Die Deals der Steuerverbrecher haben, vereinfacht, so funktioniert: Bei Cum-ex wurde nach dem Hin- und Herschieben von Aktien rund um den Dividendenstichtag Kapitalertragsteuer zweimal erstattet, obwohl sie nur einmal gezahlt worden war. Bei Cum-Cum wurde die Steuer erst gar nicht abgeführt: Der Trick: Ein ausländischer Aktionär verleiht ein Aktienpaket an eine deutsche Bank und kassiert dafür beispielsweise 90 Prozent der Ausschüttung als Gebühr. Die Bank kassiert die Dividende, zahlt darauf 25 Prozent Kapitalertragsteuer, die sie aber meist wieder erstattet bekommt. Das bedeutet: Sie kassiert 100 Prozent Dividende, zahlt 90 Prozent Leihgebühr und verdient zehn Prozent. Der Anteilseigner aus dem Ausland kassiert 90 Prozent der Dividende und damit meist immer noch mehr, als wenn er als Aktionär mit Dividendenanspruch in Erscheinung getreten wäre. Dann hätte er nämlich etwa 15 Prozent Kapitalertragsteuer zahlen müssen. Dafür braucht es eine Partnerbank, die das Spiel mitmacht. Anders als bei Cum-Ex, wo vor allem große Institute mitgemischt haben, sind bei den Cum-cum-Geschäften laut Brorhilker auch viele kleinere Banken und Sparkassen mit von der Partie gewesen.

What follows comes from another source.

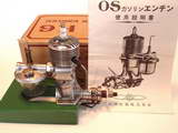 An all brass needle unit, centered on the intake and tank had a gits cap next to it. The round tank ring held the plastic tank securely. Internally the cast, ringless with baffle aluminum piston was worked by a cast, bushed rod, working the steel crankshaft set in a brass bushing. The open "Bunch type" timer, the drive washer/cam, aluminum prop washer and steel nut complete the engine. The bent timer arm has an attractive, small plastic tip in place. All work, machining, castings, etc. were of the highest order with the engine being all "silver" aluminum in color. "OS" is on the front of the case casting, the bypass cover, one lug and the serial number stamped on the other lug. Full "modern" running instruction, safety warnings, wiring diagram and all sorts of hints are part of the paper package. Flawlessly manufactured by O.S. and never to be done again. Initially offered at $250 a flurry of discount activity dropped to the $160-$190 range in Feb. 1988. Engines were scooped up by collectors and today some 10 years later it is seldom that one comes into the market and if it does the price has doubled.
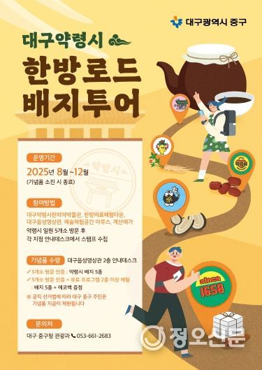 정오신문 관리자 기자 | 대구 중구는 대구약령시 관광 활성화를 위해 8월 14일부터 연말까지 ‘대구약령시 한방로드 배지투어’를 운영한다고 밝혔다.

Was sie zudem verärgert: „Schon die zehn Jahre sind zu kurz.“ Und sie passen nicht zu der Verjährungsfrist für schwere Steuerhinterziehung. Die ist vor vier Jahren nämlich vor allem mit Blick auf die Cum-ex- und Cum-Cum-Geschäfte von zehn auf 15 Jahre verlängert worden.“ Das ficht die Befürworter des Gesetzes allerdings nicht an. Zu denen werden vor allem die Vertreter der FDP gezählt, während Finanzpolitiker von SPD und Grünen ihre Bedenken angemeldet haben. .Da ist der nächste Streit innerhalb der Ampel-Koalition offensichtlich schon im Gange.